6 More Stupid Things Drivers Do

Friday, April 08, 2011

1. When entering a parking lot via an electronically-dispensed ticket, some cars overshoot. Instead of backing up, or just getting out of their cars to get the card, they have to ask an attendant to hand it to them, as though their ass is glued to their seats and there's no way to get out without triggering massive rectal bleeding.

2. Not bothering with signal lights since they're just turning 'round the corner' as though there's some other use for turning signal lights other than that, and I somehow missed it during driving lessons.
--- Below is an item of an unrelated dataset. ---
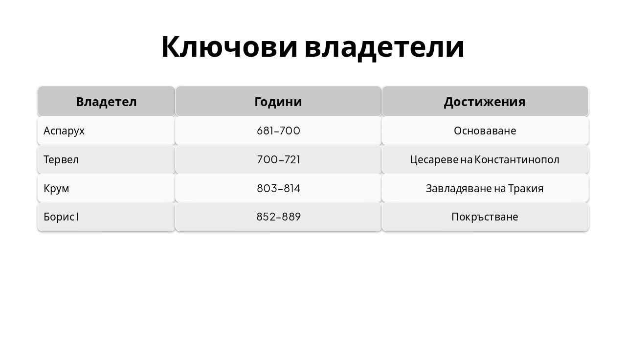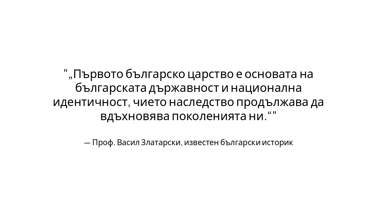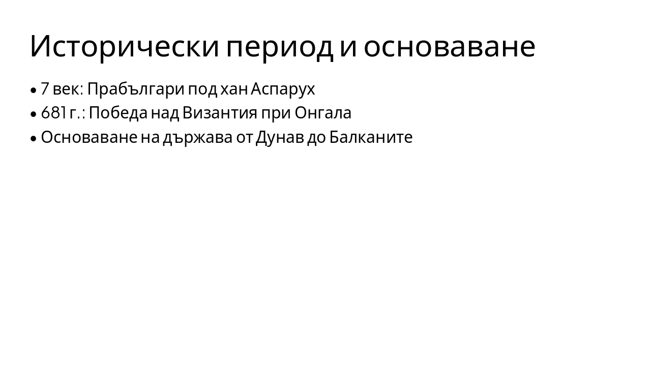 This title slide is titled "The First Bulgarian Empire." It covers the empire's foundation, expansion, rulers, culture, and heritage from 681 to 1018 AD.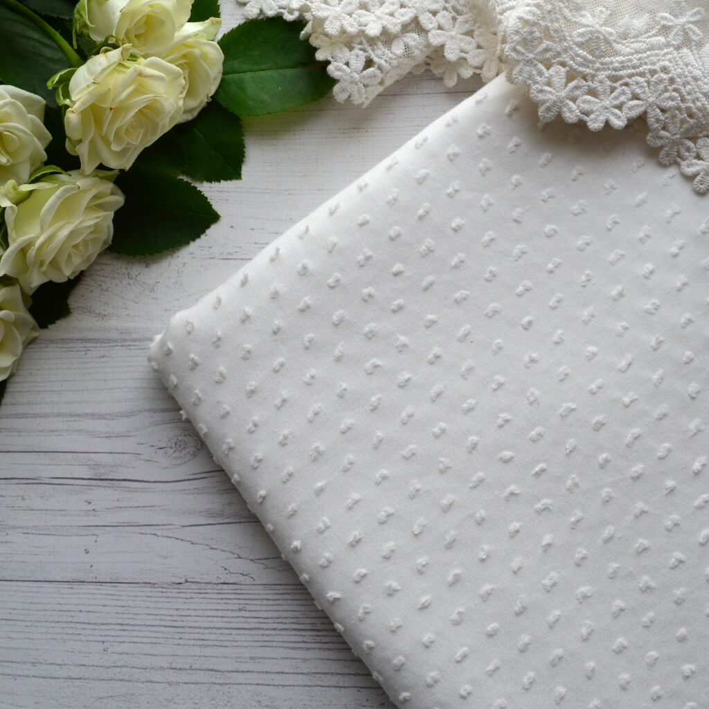 Батист з набивним горошком теплий білий Відріз 34*50см TKB013

3. Using carplate holders that tilt the plates forward. Theoretically these carplate holders are designed to fold down when you reach the speed of about 100kph, which is too fast for anybody to care about what license plate is on your car anyway. If you do stupid shit at speed, they won't need your license plate. They will need a tow truck and a very large shovel for hauling your car and your remains away.

4. Using tinted carplate holders, which when exposed to bright lights, tend to hide the plate numbers. Next to those ugly European Union underplates, this should be marked as capital crime punishable by being tacked with license plates on the driver's forehead with nine inch nails.
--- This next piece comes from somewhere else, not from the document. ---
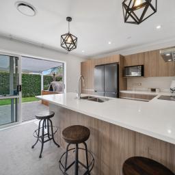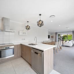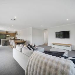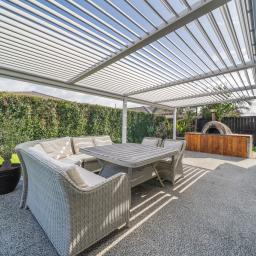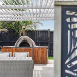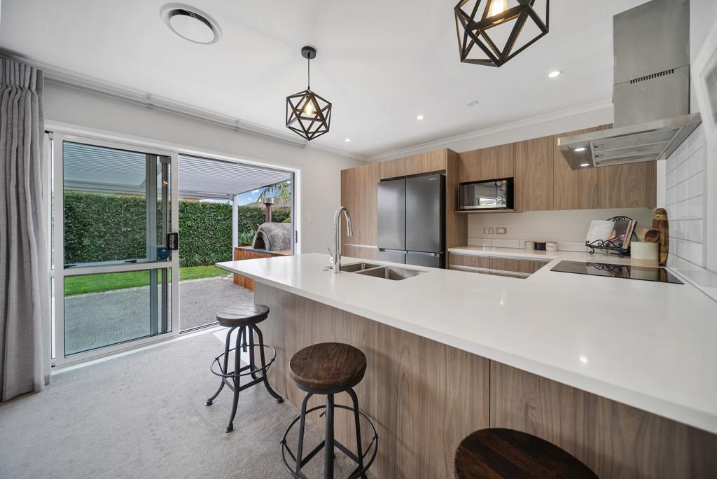 At the heart of the home, generous open plan living flows effortlessly to a covered outdoor entertaining area featuring a louvre system and outdoor pizza oven, an ideal setting for relaxed family meals, celebrations, and year round entertaining.

5. non-LTO sanctionedVanity plates. The worst part of this is that we already have a law against using vanity plates in lieu of the actual plates that can IDENTIFY THE VEHICLE, WHICH IS AS GOD INTENDED FOR LICENSE PLATES. The police are too scared of who they're going to offend, and people are too crafty to be bothered to be identified when they're fleeing from a hit and run accident. I propose a simple solution for this case. Any car caught wearing those plates should be legally open for being hit in the windshield repeatedly by a tire iron, or anything equally as hard. Empower the people, make the windshield sellers rich, fuck people who think having relatives in NBI is a ticket to insolence. It's Win-Win. Vote for me in the next election.

6. People who drive with their arms or elbows dangling outside the car. I'm pretty sure Filipinos aren't huge people. Some are, but most aren't. It seems though that for some people, the space inside the cars is still too small for them that they'd have to stick their arms out where it can conveniently get in contact with anything from tree branches to ten wheeler trucks. I'm thinking it's so they can high-five people in the other lanes quickly, just in case they found a situation that makes that a life-saving necessity. Otherwise, it's just fucking retarded.